Copy all the records word for word, apart from any pictures.
*** DATA SUPPLIED
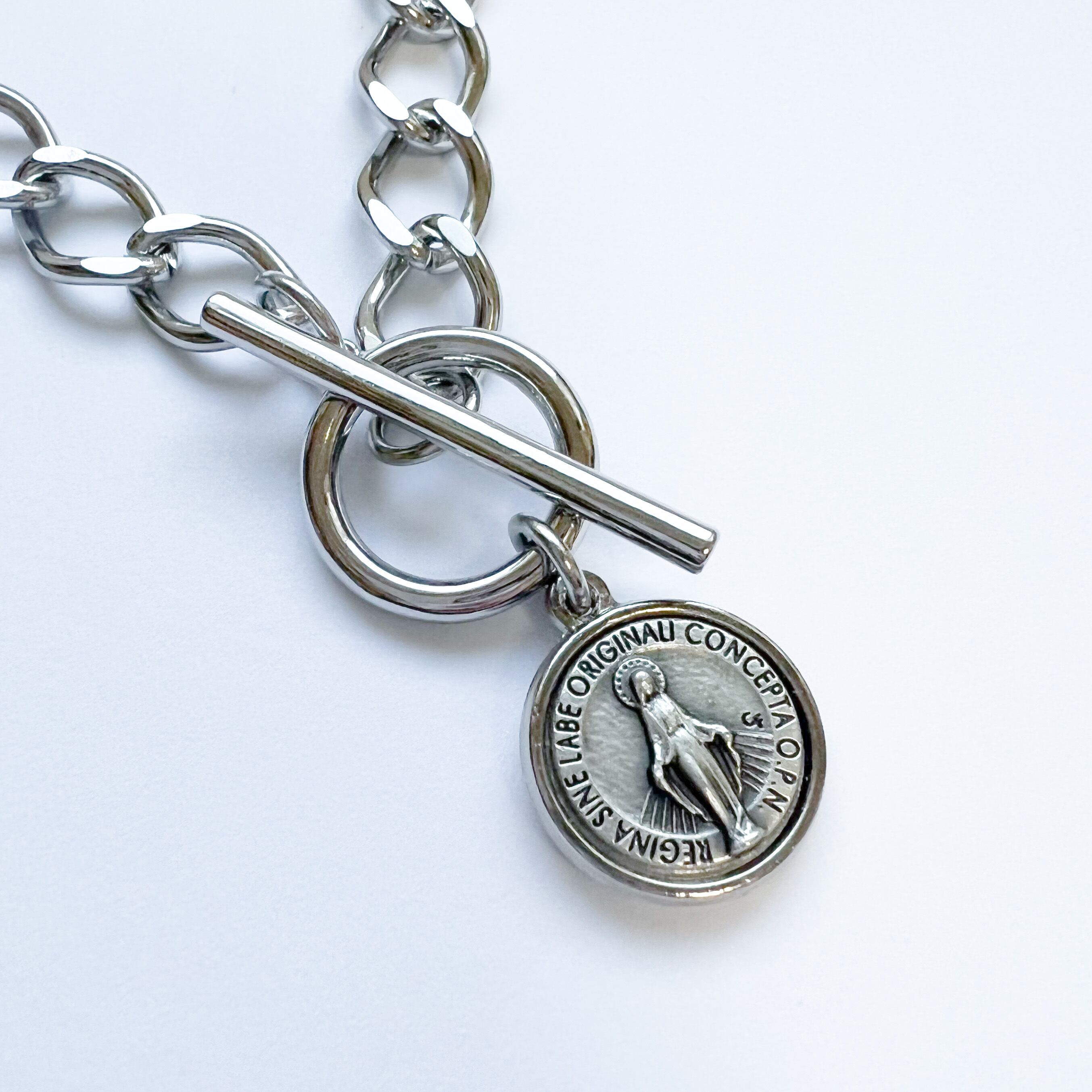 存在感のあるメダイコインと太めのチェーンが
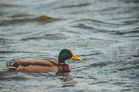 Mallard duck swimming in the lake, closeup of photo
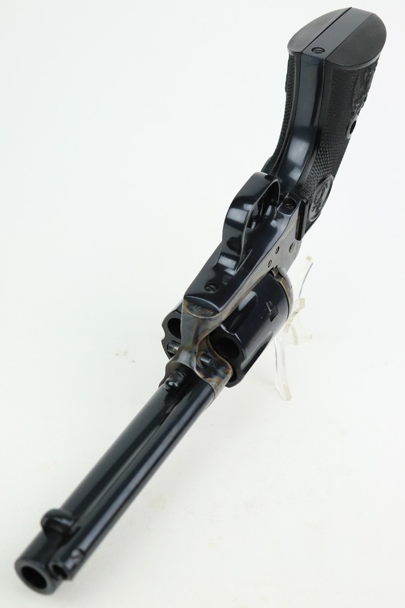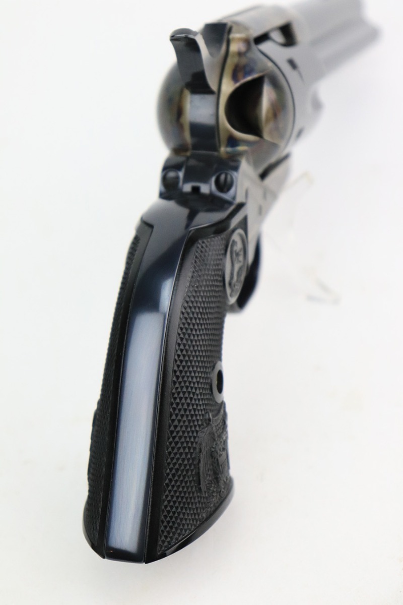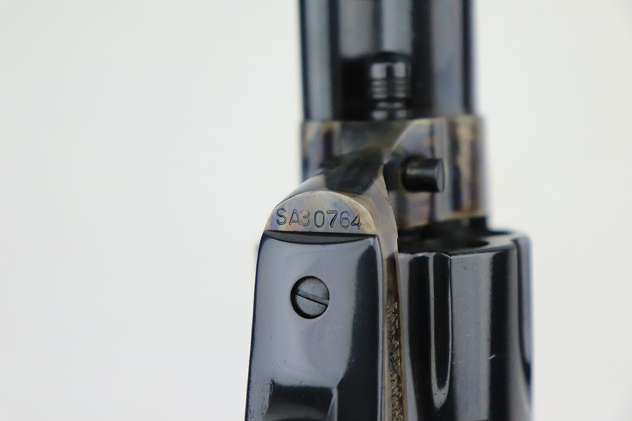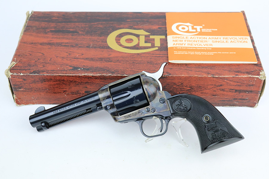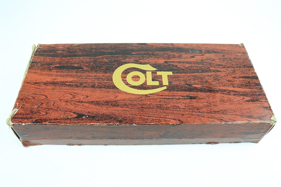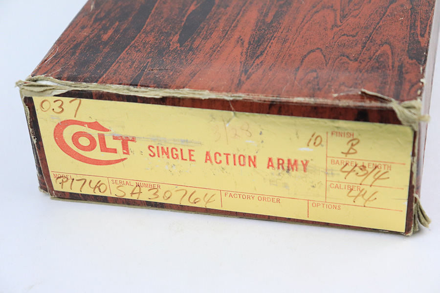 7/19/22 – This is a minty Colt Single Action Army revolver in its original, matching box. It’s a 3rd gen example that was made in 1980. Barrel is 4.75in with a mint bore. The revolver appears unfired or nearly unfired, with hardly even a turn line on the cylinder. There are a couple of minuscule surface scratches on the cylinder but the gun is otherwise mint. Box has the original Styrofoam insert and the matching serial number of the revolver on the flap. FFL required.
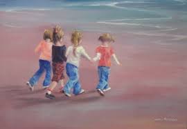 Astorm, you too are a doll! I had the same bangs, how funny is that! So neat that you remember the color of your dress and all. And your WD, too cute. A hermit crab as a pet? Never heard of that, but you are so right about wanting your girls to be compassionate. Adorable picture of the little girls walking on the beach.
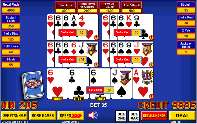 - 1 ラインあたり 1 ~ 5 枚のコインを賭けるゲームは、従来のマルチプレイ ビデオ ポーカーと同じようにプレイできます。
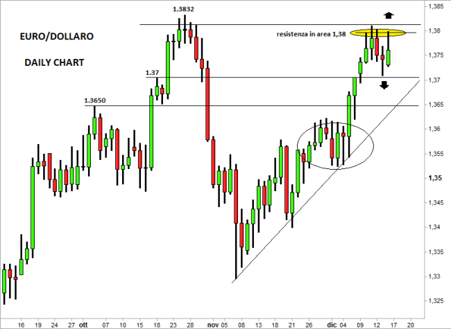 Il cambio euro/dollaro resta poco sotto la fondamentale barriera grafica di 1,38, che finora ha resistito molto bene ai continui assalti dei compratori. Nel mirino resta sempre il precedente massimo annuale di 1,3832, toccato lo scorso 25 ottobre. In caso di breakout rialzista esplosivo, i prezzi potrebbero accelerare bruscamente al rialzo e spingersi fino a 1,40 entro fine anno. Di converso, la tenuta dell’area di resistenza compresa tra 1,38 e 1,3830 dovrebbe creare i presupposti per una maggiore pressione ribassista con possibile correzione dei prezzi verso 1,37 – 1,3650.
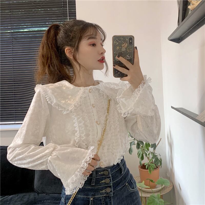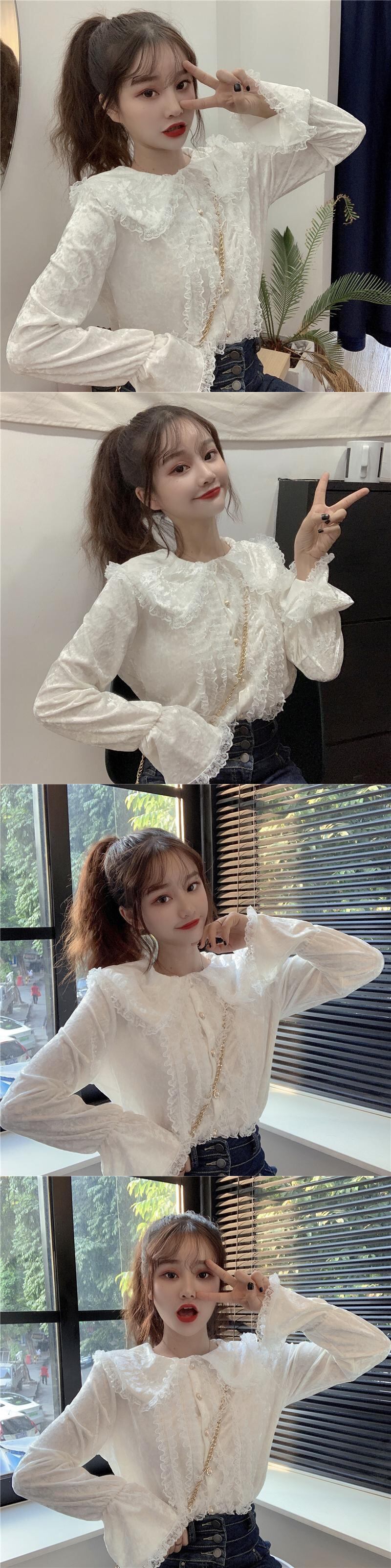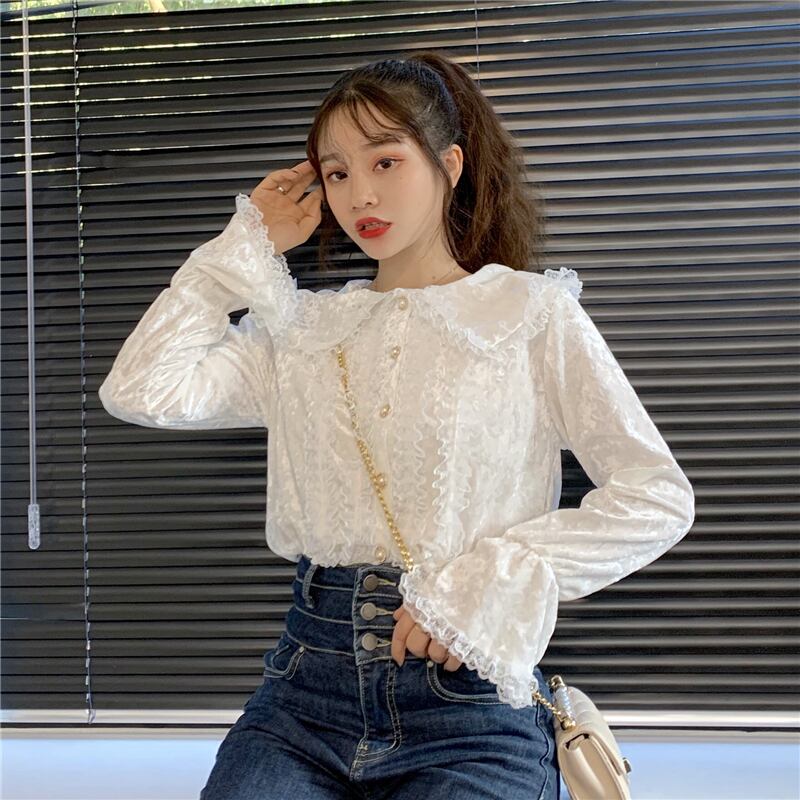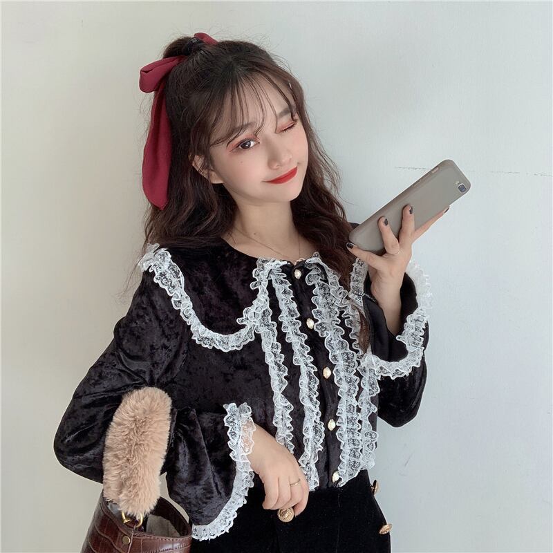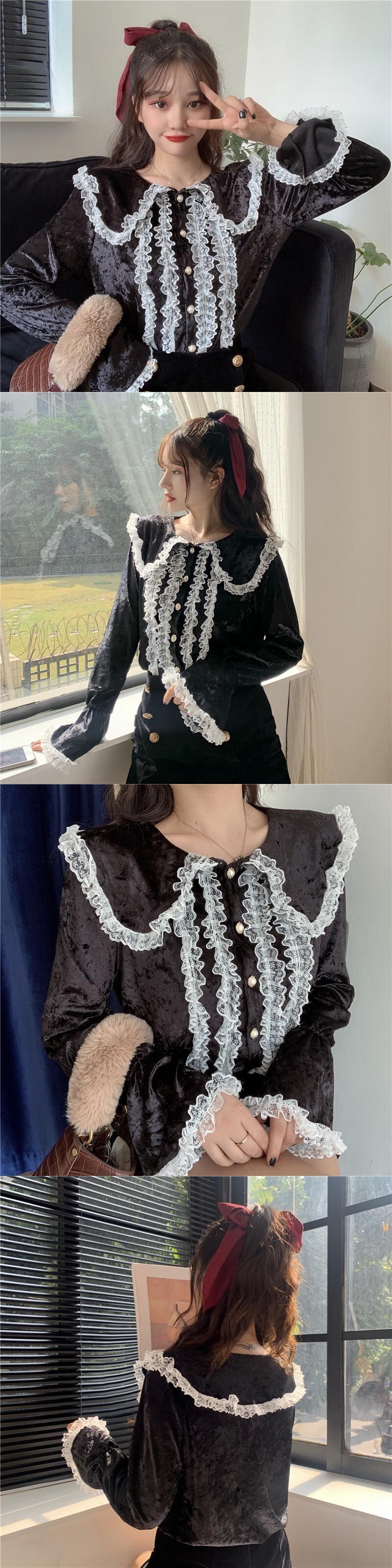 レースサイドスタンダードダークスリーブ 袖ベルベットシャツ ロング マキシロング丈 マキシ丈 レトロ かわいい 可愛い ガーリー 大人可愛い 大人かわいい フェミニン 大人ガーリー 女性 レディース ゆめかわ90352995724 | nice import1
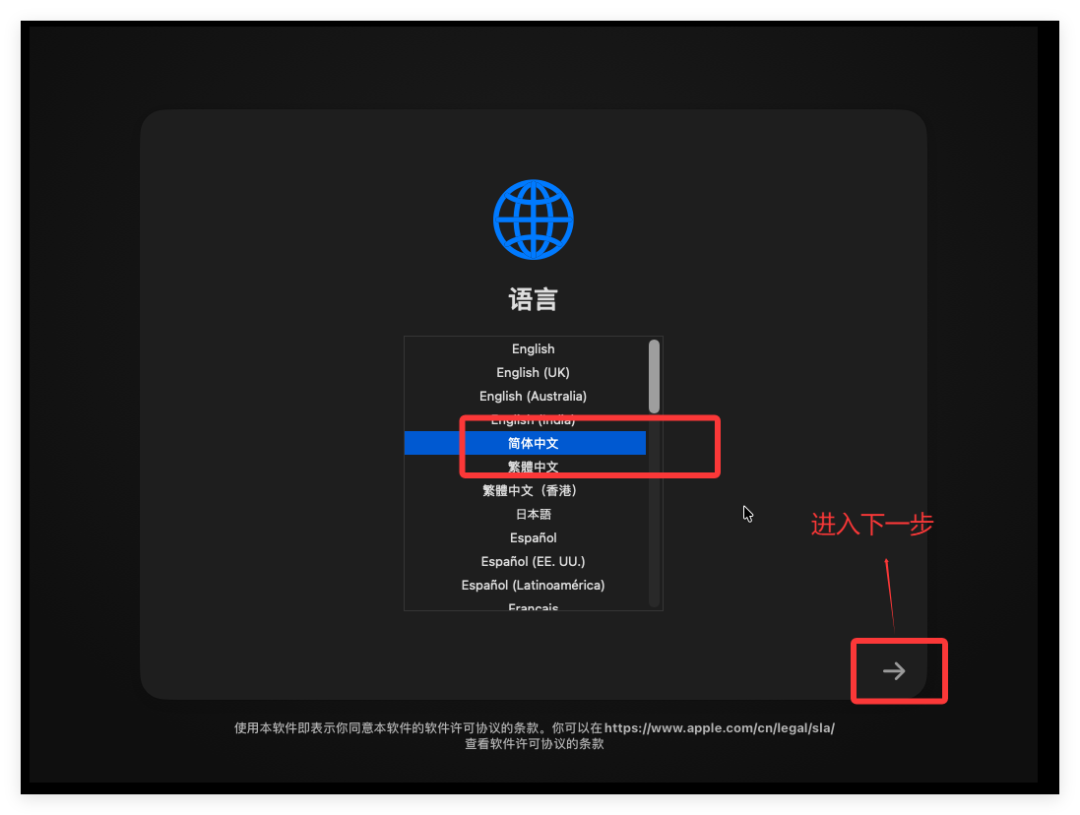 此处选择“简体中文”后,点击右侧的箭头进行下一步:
******
▸ TASK RESPONSE
 存在感のあるメダイコインと太めのチェーンが
 Mallard duck swimming in the lake, closeup of photo
 7/19/22 – This is a minty Colt Single Action Army revolver in its original, matching box. It’s a 3rd gen example that was made in 1980. Barrel is 4.75in with a mint bore. The revolver appears unfired or nearly unfired, with hardly even a turn line on the cylinder. There are a couple of minuscule surface scratches on the cylinder but the gun is otherwise mint. Box has the original Styrofoam insert and the matching serial number of the revolver on the flap. FFL required.
 Astorm, you too are a doll! I had the same bangs, how funny is that! So neat that you remember the color of your dress and all. And your WD, too cute. A hermit crab as a pet? Never heard of that, but you are so right about wanting your girls to be compassionate. Adorable picture of the little girls walking on the beach.
 - 1 ラインあたり 1 ~ 5 枚のコインを賭けるゲームは、従来のマルチプレイ ビデオ ポーカーと同じようにプレイできます。
 Il cambio euro/dollaro resta poco sotto la fondamentale barriera grafica di 1,38, che finora ha resistito molto bene ai continui assalti dei compratori. Nel mirino resta sempre il precedente massimo annuale di 1,3832, toccato lo scorso 25 ottobre. In caso di breakout rialzista esplosivo, i prezzi potrebbero accelerare bruscamente al rialzo e spingersi fino a 1,40 entro fine anno. Di converso, la tenuta dell’area di resistenza compresa tra 1,38 e 1,3830 dovrebbe creare i presupposti per una maggiore pressione ribassista con possibile correzione dei prezzi verso 1,37 – 1,3650.
 レースサイドスタンダードダークスリーブ 袖ベルベットシャツ ロング マキシロング丈 マキシ丈 レトロ かわいい 可愛い ガーリー 大人可愛い 大人かわいい フェミニン 大人ガーリー 女性 レディース ゆめかわ90352995724 | nice import1
 此处选择“简体中文”后,点击右侧的箭头进行下一步:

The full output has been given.